# Advanced Certification in AIML
## A Program by IIIT-H and TalentSprint

## Learning Objectives

At the end of the experiment, you will be able to :

* understand Multi-Layer Perceptron (MLP)
* tune the hyper-parameters of a MLP classifier

In [None]:
#@title Experiment Walkthrough Video

from IPython.display import HTML

HTML("""<video width="854" height="480" controls>
<source src="https://cdn.talentsprint.com/talentsprint/archives/sc/aiml/aiml_2018_b7_hyd/experiment_details_backup/mlp_mnist.mp4" type="video/mp4">
</video>
""")

## Dataset

###Description

We use the MNIST dataset for this experiment. Below are the details:

1. The dataset contains 60,000 Handwritten digits as training samples and 10,000 Test samples, 
which means each digit occurs 6000 times in the training set and 1000 times in the testing set. (approximately). 
2. Each image is Size Normalized and Centered 
3. Each image is 28 X 28 Pixel with 0-255 Gray Scale Value. 
4. That means each image is represented as 784 (28 X28) dimension vector where each value is in the range 0- 255.

### History

Yann LeCun (Director of AI Research, Facebook, Courant Institute, NYU) was given the task of identifying the cheque numbers (in the 90’s) and the amount associated with that cheque without manual intervention. That is when this dataset was created which raised the bars and became a benchmark.

Yann LeCun and Corinna Cortes (Google Labs, New York) hold the copyright of MNIST dataset, which is a subset of the original NIST datasets. This dataset is made available under the terms of the Creative Commons Attribution-Share Alike 3.0 license. 

It is the handwritten digits dataset in which half of them are written by the Census Bureau employees and remaining by the high school students. The digits collected among the Census Bureau employees are easier and cleaner to recognize than the digits collected among the students.



## Domain Information


Handwriting changes person to person. Some of us have neat handwriting and some have illegible handwriting such as doctors. However, if you think about it even a child who recognizes alphabets and numerics can identify the characters of a text even written by a stranger. But even a technically knowledgeable adult cannot describe the process by which he or she recognizes the text/letters. As you know this is an excellent challenge for Machine Learning.

![altxt](https://i.pinimg.com/originals/f2/7a/ac/f27aac4542c0090872110836d65f4c99.jpg)

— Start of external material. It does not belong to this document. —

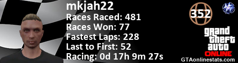 <a href="http://GTAonlinestats.com/showplayer/mkjah22"><img src="http://GTAonlinestats.com/racesignature/mkjah22/sig.png" alt="mkjah22" border="0" /></a>
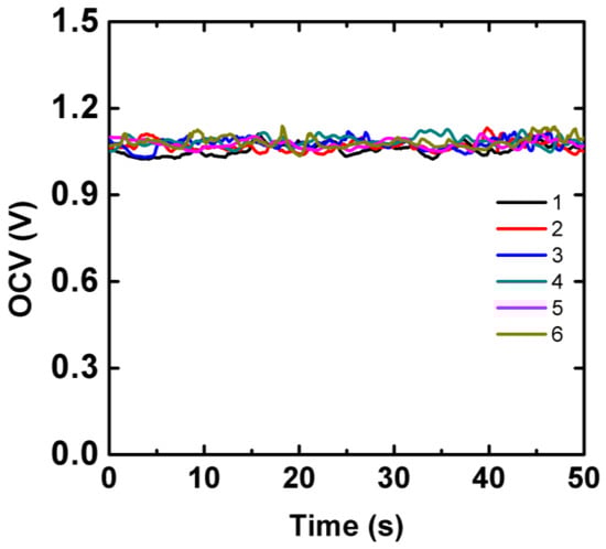 Figure 3, the average OCV of the aluminum-air battery measured from six individual cells was about 1.07 V with a maximum peak-to-peak variation of 70 mV during 50 s.

The experiment handles a subset of text recognition, namely recognizing the 10 numerals (0 to 9) from scanned images.


##AI/ML Technique


A hyperparameter is a parameter whose value is set before the learning process begins.

### What is  MLP?


A multilayer perceptron is a class of feedforward artificial neural network. An MLP consists of, at least, three layers of nodes as shown in below image: 

**Layer1**:   Input Layer

**Layer 2**:  Hidden Layer

**Layer 3**: Output Layer

![alt text](https://www.researchgate.net/profile/Mohamed_Zahran6/publication/303875065/figure/fig4/AS:371118507610123@1465492955561/A-hypothetical-example-of-Multilayer-Perceptron-Network.png)

The number of nodes in the input layer is determined by the dimensionality of our data. 

The number of nodes in the output layer is determined by the number of classes we have.


### Importing the required packages

In [None]:
import numpy as np
from matplotlib import pyplot as plt
from sklearn.datasets import load_digits
from sklearn.model_selection import train_test_split
from sklearn.neural_network import MLPClassifier
from sklearn.metrics import accuracy_score

### Load the dataset from sklearn package

In [None]:
# Load MNIST datset 
digits = load_digits(n_class=10)

# Create our X and y data
data = digits.data
target = digits.target

In [None]:
# Print the shape of the data
data.shape

You might be wondering why the shape of data is 1797 above when MNIST is a 60k training and 10k testing dataset?
 
Well, the original dataset takes time to run thus delaying your observations and learning of the MLP classifier. You are however free to experiment by replacing the line 
<br/>
**digits = datasets.load_digits(n_class=10)**  in the cell above, with the following: 
<br><br>
**from sklearn.datasets import fetch_openml**
<br/>
**digits = fetch_openml('mnist_784')**
<br/>

However please be aware that this program might run for a really long time !! 


### Split the dataset into train and test sets




In [None]:
X_train, X_test, Y_train, Y_test =  train_test_split(data, target, test_size=0.2, random_state=1)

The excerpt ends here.